Run tests by running the following (with your conda env activated) in the project directory: python -m unittest discover

Deployment

This repository includes a shell script submit.sh that will package the source files into an egg and submit the pyspark job to a Google Cloud Compute cluster. It assumes that the Google Cloud SDK is installed and on the system path.
You will also need to have authenticated with the gcloud SDK using the google account linked to the target cluster.

The submit.sh file requires minor custom configuration.
The name of the target cluster should be changed to your own cluster name. The other program options work as expected and may be changed as desired.

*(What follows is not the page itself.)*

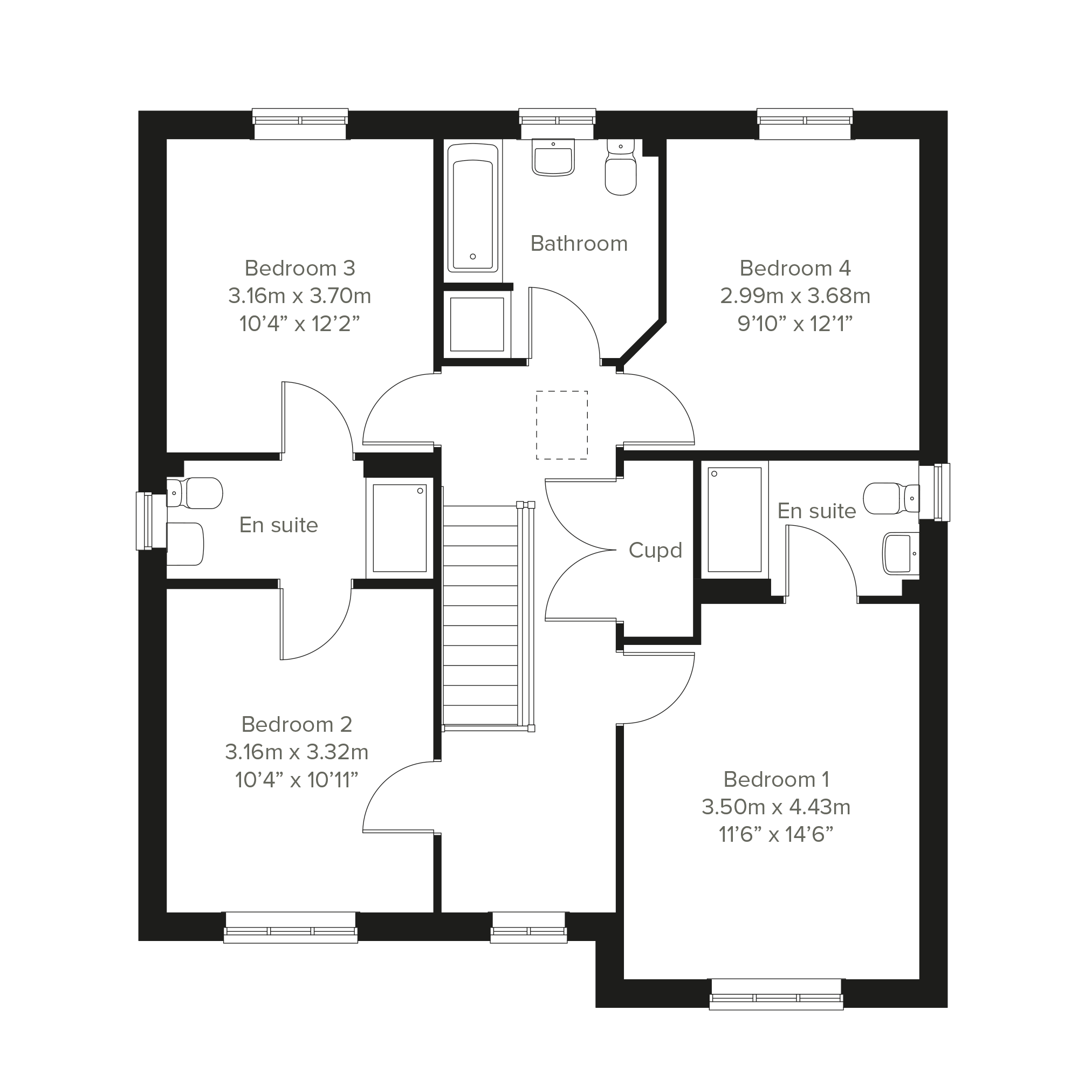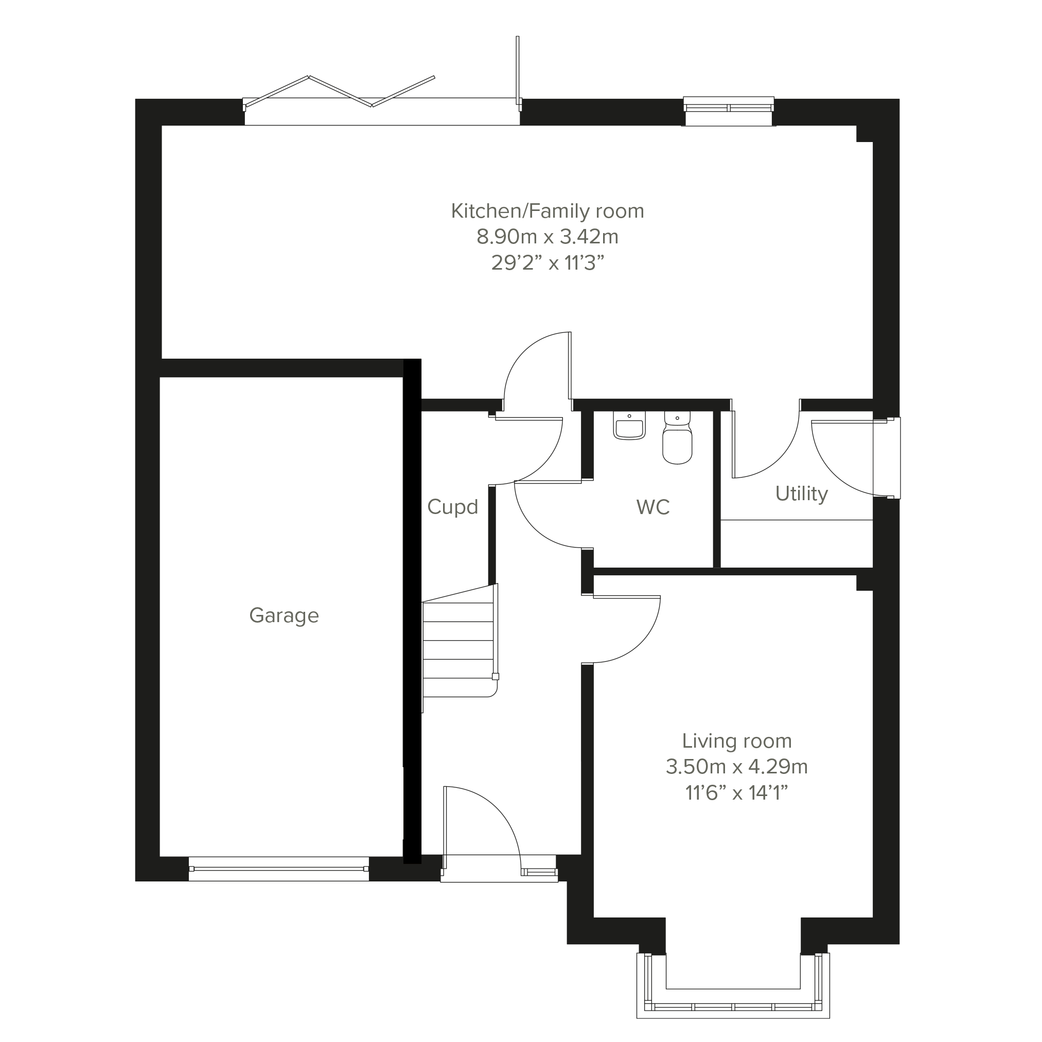 This good-looking four-bedroom, three-bathroom new home has an attractive bay window at the front, and fabulous bi-fold doors leading from the open-plan kitchen/family room to the garden at the back. The integral garage and the utility room (with outside access) are two convenient and practical features that are part of the appeal of the Hollicombe as a family home.

To use the submission script, first activate the conda environment for the project (see Installation section for details). Then you can simply: ./submit.sh

Thanks to Chris Barrick for his help with creating the setup.py and submit.sh scripts!

Built With

Contributing

There are no specific guidelines for contributing. Feel free to send a pull request if you have an improvement.

Versioning

We use the GitFlow workflow to organize releases and development of new features.

Authors

See the contributors file for details

License

This project is licensed under the MIT License - see the LICENSE.md file for details

Acknowledgments

  • This project was completed as a part of the Data Science Practicum 2018 course at the University of Georgia
  • Dr. Shannon Quinn is responsible for the problem formulation and initial guidance towards solution methods. He also provided the very small data set included in this repository
  • A. Balucha for his repository of stopwords
  • Chris Barrick for providing the setup.py and submit.sh scrips
  • Other resources used have been cited in their corresponding wiki page.